Why are logarithmic functions so complicated? Like understanding them without using numbers?

Question

Any good sites or advice?

Answer 1

Logarithms are very tricky, especially when you first start out with them. The way I am best at interpreting them is by realizing their relationship to undo exponentiation. You probably all ready know the expression

log_a x = y <==> a^y = x

This means that the two equations above are equivalent. For instance, if a=10, x = 100, then y = 2. So when given a problem like y=log_2 8, you should think to yourself, "What exponent of two will bring it to 8?"

Hopefully you will eventually conclude that y=3 since 2 cubed is eight.

That all being said, logarithms are tricky business. However, they are incredibly important, and if you go on to study math more rigorously, when you study the lovely number "e" and it's superb functions, e^x and ln x (or log_e x, if you prefer), you will see that those functions pop up in nature and science in the most unpredictable places.

Good luck with the logs!

Answer 2

They may seem mysterious at first, but if you remember some basic rules, you will have no trouble.

The logarithm (L) to the base (a) of a number N = L if a^L=N.
So log_a N = Lif a^L= N. The two most common bases are 10 and the number e.

If the base is 10 we just write log N = L (base = 10 is understood). Likewise if the base is e we write ln N= L (base e is understood).
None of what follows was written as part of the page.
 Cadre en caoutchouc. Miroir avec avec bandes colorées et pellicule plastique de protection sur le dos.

Here are some very important laws of logarithms you should commit to memory:
log_a (1) = 0
log_a (a) = 1
log-a(M*N) = log_a (M) + log_a (N)
log_a(M/N) = log_a (M) - log_a (N)
log_a M^1/n = (1/n) log_a(M)
a^(log_a (x)) = x
log_a (a^x) = x
These laws hold for any base but are usually for bases 10 or e.
Try these laws out and you'll soon become proficient with logarithms and exponential equations. Remember the log function is not defined for N <= 0.

Answer 3

Logarithmic functions are not that complicated. They are defined as the inverse function for exponential equations like

a^b = c given a is a constant. So if you had a curve

y(x) = a^x, its just a curve like y(x)=x^2 (not the same curve, but a curve all the same, right?)
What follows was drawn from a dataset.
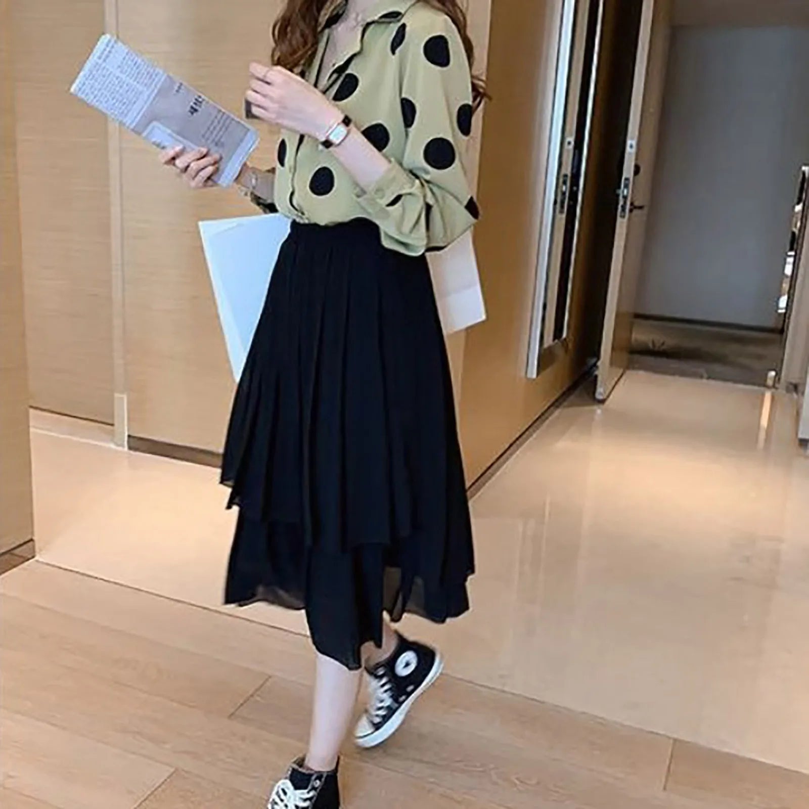 Elegant Polka Dot Print Chiffon Blouse

then the log function is just its inverse. Traditionally, you could find the inverse of y=a^x by swapping x's and y's

x = a^y
but now you want to rewrite this as y(x) again (this new y(x) is the inverse of the y(x) given above) but how do you get the y out of the exponent? Thats where logarithms come in.
One of the properties of logarithms is

log(a^n) = log (a*a*a...*a) [n a's] = log(a) + log(a) + ...+ log(a) [now n log(a)'s] ] n*log(a)

so applying this above,

log(x) = log(a^y) = y*log(a) so y(x) = log(x)/log(a)

if you define your log in base a i.e. log_a then log(a)=1 and you get y(x) = log(x). So logarithms are just another inverse function, like y(x) = sqrt(x) is the inverse of y(x) = x^2.